Caregiver stress, along with survivor's guilt, has played a large role in the lives of those who have survived the decades without contracting HIV. One program addressing such issues is the Kairos program at Shanti, a counseling service available to anyone who cares for someone with a terminal illness. The program helps those caregivers deal with the difficult psychological and emotional issues that often accompany the process of caregiving, and it also steps in to offer grief counseling to those dealing with issues of loss.

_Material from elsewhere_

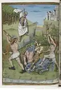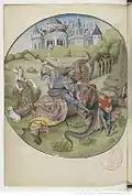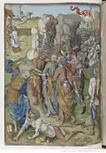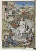 Testard has been influenced here by Netherlandish printmaker Master I. A. M. of Zwolle's Battle of Two Men with a Centaur, to which he introduces Death, a lion and a wild-woman.[8] Interpretation of this scene is problematic. Typically understood to represent a Centaur battling the Lapiths, a purely mythological tale and unusual subject for use in the "Office for the Dead", Belkin posits that this contest between man and beast is "symbolic of the struggle against dark forces. The Centaur and the wild woman form a single unit—the personification of vice in terms of Christian allegory. The private nature of the Book of Hours leads one to infer that Charles used the allegory of the struggle with the Vices for his own political vendetta against his rivals, conveying in this enigmatic miniature his bitter enmity towards those who had wronged him."[9] |

But on the other end of the spectrum are those HIV-negatives who have never seen a friend or loved one die. For these men, prevention is much more difficult; not only is the incentive to stay healthy not as evident, but the task of staying negative still tends to rest entirely with them.
"For the positives, there were all types of support programs affirming their lives," recalled Chuck, the San Francisco man who recently seroconverted. "For the negatives, we were supposed to stay negative, but at the same time we were vilified for trying to limit our encounters to other negatives or to safer practices."
Recognizing that HIV-positive people are living longer has required a shift in thinking that negatives remain solely responsible for themselves, according to Stop AIDS's Gibson.
"Both positives and negatives are interacting in a way we didn't have to before," said Gibson. "HIV-positive men are living healthy lives, which include sex. That didn't used to be an option for a lot of guys, but 20 years later it affects everything."
The recent "prevention for positives" shift - as seen in efforts like last year's "HIV Stops With Me" advertisement campaign funded in large part by the San Francisco Department of Public Health - addresses some of these issues. And giving some of the prevention obligations to positives may help with the HIV-negative identity as one of all responsibility and no fun.
For Gibson, all these changes mean that the HIV-negative person should occupy center stage in the next round of in-your-face activism.
"It's 2001 and federal money still is abstinence-based and cannot be used to promote [safer] sexual activity," said Gibson. "These are the things we should be fighting."